Im Gegensatz zu früheren Untersuchungen legte das Team keine Kulturen an, sondern untersuchte die Menge und Art der Bakterien in den Biofilmen direkt mit Hilfe von Gensequenzen und verglich die Zusammensetzung der Bakterien-Gemeinschaften mit der im Wasser der jeweiligen Orte. Dabei stellte es fest, dass in den Duschköpfen eine reiche Gemeinschaft «opportunistischer Bakterienarten» nistet. Das sind Bakterien, die bereits erkrankte Menschen befallen.
Es ist laut Pace nicht leicht, die Bakterien zu bekämpfen. In Denver sei ein mit dem Mycobacterium gordonae befallener Duschkopf mittels Bleichmittel gereinigt worden. Tests einige Monate später zeigten, dass diese Reinigung zu einer dreifach erhöhten Bakterienmenge geführt habe, was darauf hindeute, dass solche Bakterien generell gegen Chlor resistent seien.
Die fein zerstäubten Wassertropfen aus Duschköpfen könnten leicht Keime in die Lungen empfindlicher Menschen übertragen. Es ist aber noch unbekannt, wie groß das Infektionsrisiko durch das an den Bakterienkulturen vorbeiströmende Wasser sei. Dies müsse dringend untersucht werden, sagen die Forscher.

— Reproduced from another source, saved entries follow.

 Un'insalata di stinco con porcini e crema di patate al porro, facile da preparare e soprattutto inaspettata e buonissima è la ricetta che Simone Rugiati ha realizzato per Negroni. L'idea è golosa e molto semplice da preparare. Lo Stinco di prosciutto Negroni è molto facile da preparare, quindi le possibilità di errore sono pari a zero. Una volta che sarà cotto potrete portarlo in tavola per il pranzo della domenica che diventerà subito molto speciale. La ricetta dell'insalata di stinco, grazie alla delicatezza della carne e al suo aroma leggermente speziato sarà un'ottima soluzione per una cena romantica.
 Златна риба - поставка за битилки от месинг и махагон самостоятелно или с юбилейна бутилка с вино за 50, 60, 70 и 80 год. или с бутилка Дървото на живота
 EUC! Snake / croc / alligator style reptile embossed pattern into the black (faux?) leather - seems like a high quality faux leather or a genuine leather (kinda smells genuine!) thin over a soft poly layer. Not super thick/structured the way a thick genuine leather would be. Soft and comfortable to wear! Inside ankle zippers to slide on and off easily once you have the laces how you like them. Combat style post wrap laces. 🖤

Ist Duschen nun gefährlich? «Sicherlich nicht, wenn Ihr Immunsystem nicht auf irgendeine Art und Weise geschwächt ist», sagt Pace. «Aber es ist wie bei allen Dingen - es beinhaltet ein Risiko.» Da Plastik-Duschköpfe offensichtlich mit mehr Bakterien besiedelt seien, seien solche aus Metall wahrscheinlich eine gute Alternative.
car/ham/news.de/dpa
Ja, so sehe ich es auch: Sein Immunsystem durch eigenverantwortliches Handeln verbessern und nicht immer gleich Chemie in den Hals kippen. Wir nutzen die Aqua Lyros(R) Wasserdurchlaufgeräte, die auf ganz natürlichem Wege ohne Zusätze die Leitungen und Duschköpfe sauber halten und außerdem unsere Widerstandskraft verbessert - kein Platz für Bakterienkolonien, aber ein wohlschmeckendes Leitungswasser. Möglich wäre schon ein Duschschlauch, der durch Silberbestandteile antibakteriell wirkt. Also alles kein Drama. Jeder kann sich selbst helfen.

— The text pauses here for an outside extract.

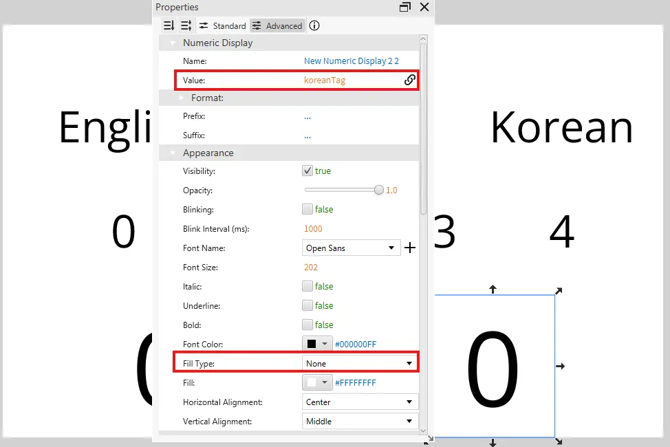 Section titled “Project Configuration 4”- Tag each of the three numeric displays with one of the language tags we created earlier. One display will receive the englishTag, another with the spanishTag, and the last with the koreanTag. Change the fill type to none under appearances on all of the displays. Lastly put all the displays on top of each other.

jetzt antwortenKommentar meldenGanz recht zu viel Duschen und so weiter und so vort ist alles Übertrieben . Meiner Nachbarin ihre Kinder waren ständig Krank da meinte ihr Hausarzt setzen sie ihre Kindewr mal in den Dreck dann sind sie Gesünder . Wir waren 8 Kinder damals gab es noch kein Bad meine Mutter setzte uns alle der reihe nach hin da wurden alle oben Gewaschen und dann der Reihe nach Unten Samstags gab es ein Bad im Waschzuber ein Eimer Wasser raus ein eimer Wasser rein und wir haben alle keine Allergien Geschweige Hautproblehme .
jetzt antwortenKommentar meldenOh, mein Gott, was leben wir gefährlich. Wenn ich sowas lese, frage ich mich: Warum lebe ich noch? Ich bin 62 Jahre alt. Habe, da ich ländlich aufgewachsen bin, in der Jugendzeit noch kein Badezimmer mit Wanne oder Dusche, geschweige denn ein WC gehabt. Ich kenne noch das Häuschen mit Herz. Habe also, bis heute,alle Attacken der (Kampf)Viren überstanden. Vielleicht sollte mal wieder auf Kernseife zurück gegriffen und alle chemischen Kampfstoffe im Haushalt verboten werden, damit sich das Immunsystem vernünftig aufbauen kann. Dann bräuchten wir keine Angst mehr vor Killerbakterien haben und hätten eventuell ein paar Allergien weniger. Es lassen sich aber mit"IMMER WEISSER; IMMER ANTBAKTERIELLER" gutes Geld machen. Scheiß auf die Gesundheit, verdient keiner was drann.